Please reproduce the listing word for word. Pictures stay out.
*** RAW DATA ***
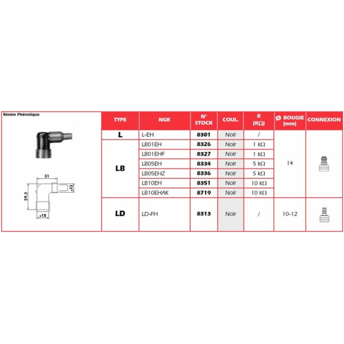 À utiliser en combinaison avec des câbles de bougie de 7 mm de diamètre
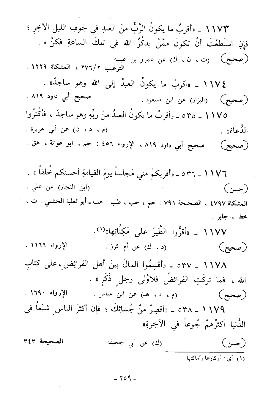 1173 - «أقرب ما يكون الرب من العبد في جوف الليل الآخر فإن استطعت أن تكون ممن يذكر الله في تلك الساعة فكن» .
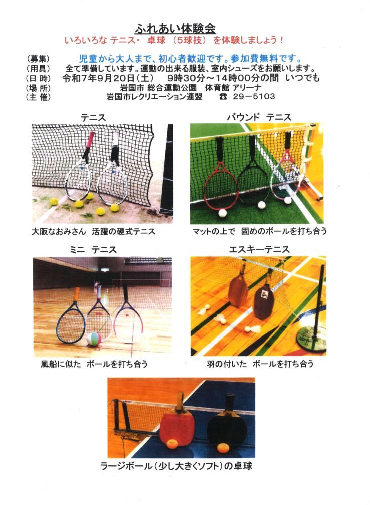 2025年8月27日 / 最終更新日時 : 2025年8月20日 ici 講演・講座・講習 第14回岩国市レクリエーションふれあい体験「ふれあい球技体験」9/20 日時: 令和7年9月20日(土) 09:30~14:00 場所: 岩国市総合体育館 アリーナ 参加無料 内容: ・テニス ・バウンドテニス ・ミニテニス ・エスキーテニス 持参品: 運動のできる服装、室内シューズ、タオル、飲み物 テニス・ラージボール卓球の体験会 主催:岩国市レクリエーション連盟 施設情報 岩国市総合体育館 お問い合わせ: 文化スポーツ課 電話 0827(29)5103 (「第14回岩国市レクリエーションふれあい体験」リーフより) 新着情報 2025年10月17日 NEW! ヤングケアラーを知っていますか? 2025年10月17日 NEW! 児童文学作家 あんびるやすこさん講演会 11/16 2025年10月16日 NEW! AA中四国地域ラウンドアップ2025 11/7~11/9 2025年10月16日 NEW! 令7年「月下秋思~観月の集い~」 10/25 2025年10月15日 NEW! 岩国市合併20周年記念 シティロゲin岩国 2025年10月15日 じんけんフェスタ2025inいわくに 11/12 2025年10月15日 人権啓発 2025年10月14日 令和7年度インフルエンザ・新型コロナワクチン予防接種料金の助成 岩国市 2025年10月14日 青少年のための科学の祭典2025 in 岩国 11/9 2025年10月10日 岩国市民手話講座 12月毎週木曜日(4日・11日・18日・25日)全4回 このページは岩国市の福祉関連の総合情報サイト「ふれあいeタウンいわくに」です 関連情報関連情報はありません
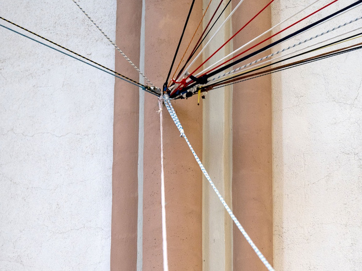 „OBDACH BODEN“ ist eine ortsspezifische Installation in der Kulturkirche St. Stephani Bremen. Sie verfolgt Fragen nach einem „Zuhause- und Verbunden-Sein“. Thematisiert wird einerseits das Zuhause als eine konkret konstruierte Architektur bzw. allgemeiner, als ein Ort des Schutzes. Andererseits aber auch als der innere Ort des sich-Zuhause-fühlens im Sinne des Verbündet- und Verwoben- Seins. Die Arbeit versucht, die Begriffe „Zuhause“ und „Obdach“ aufzufächern und zu erweitern. So entwirft sie eine Sicht auf das Habitat des Menschen als ein komplexes Geflecht von Verbindungen und Verwebungen zwischen Lebewesen, aber auch zu Dingen auf der Erde und zur Erde selbst.
*** End of RAW DATA ***
**SOLUTION FOR THIS TASK**
 À utiliser en combinaison avec des câbles de bougie de 7 mm de diamètre
 1173 - «أقرب ما يكون الرب من العبد في جوف الليل الآخر فإن استطعت أن تكون ممن يذكر الله في تلك الساعة فكن» .
 2025年8月27日 / 最終更新日時 : 2025年8月20日 ici 講演・講座・講習 第14回岩国市レクリエーションふれあい体験「ふれあい球技体験」9/20 日時: 令和7年9月20日(土) 09:30~14:00 場所: 岩国市総合体育館 アリーナ 参加無料 内容: ・テニス ・バウンドテニス ・ミニテニス ・エスキーテニス 持参品: 運動のできる服装、室内シューズ、タオル、飲み物 テニス・ラージボール卓球の体験会 主催:岩国市レクリエーション連盟 施設情報 岩国市総合体育館 お問い合わせ: 文化スポーツ課 電話 0827(29)5103 (「第14回岩国市レクリエーションふれあい体験」リーフより) 新着情報 2025年10月17日 NEW! ヤングケアラーを知っていますか? 2025年10月17日 NEW! 児童文学作家 あんびるやすこさん講演会 11/16 2025年10月16日 NEW! AA中四国地域ラウンドアップ2025 11/7~11/9 2025年10月16日 NEW! 令7年「月下秋思~観月の集い~」 10/25 2025年10月15日 NEW! 岩国市合併20周年記念 シティロゲin岩国 2025年10月15日 じんけんフェスタ2025inいわくに 11/12 2025年10月15日 人権啓発 2025年10月14日 令和7年度インフルエンザ・新型コロナワクチン予防接種料金の助成 岩国市 2025年10月14日 青少年のための科学の祭典2025 in 岩国 11/9 2025年10月10日 岩国市民手話講座 12月毎週木曜日(4日・11日・18日・25日)全4回 このページは岩国市の福祉関連の総合情報サイト「ふれあいeタウンいわくに」です 関連情報関連情報はありません
 „OBDACH BODEN“ ist eine ortsspezifische Installation in der Kulturkirche St. Stephani Bremen. Sie verfolgt Fragen nach einem „Zuhause- und Verbunden-Sein“. Thematisiert wird einerseits das Zuhause als eine konkret konstruierte Architektur bzw. allgemeiner, als ein Ort des Schutzes. Andererseits aber auch als der innere Ort des sich-Zuhause-fühlens im Sinne des Verbündet- und Verwoben- Seins. Die Arbeit versucht, die Begriffe „Zuhause“ und „Obdach“ aufzufächern und zu erweitern. So entwirft sie eine Sicht auf das Habitat des Menschen als ein komplexes Geflecht von Verbindungen und Verwebungen zwischen Lebewesen, aber auch zu Dingen auf der Erde und zur Erde selbst.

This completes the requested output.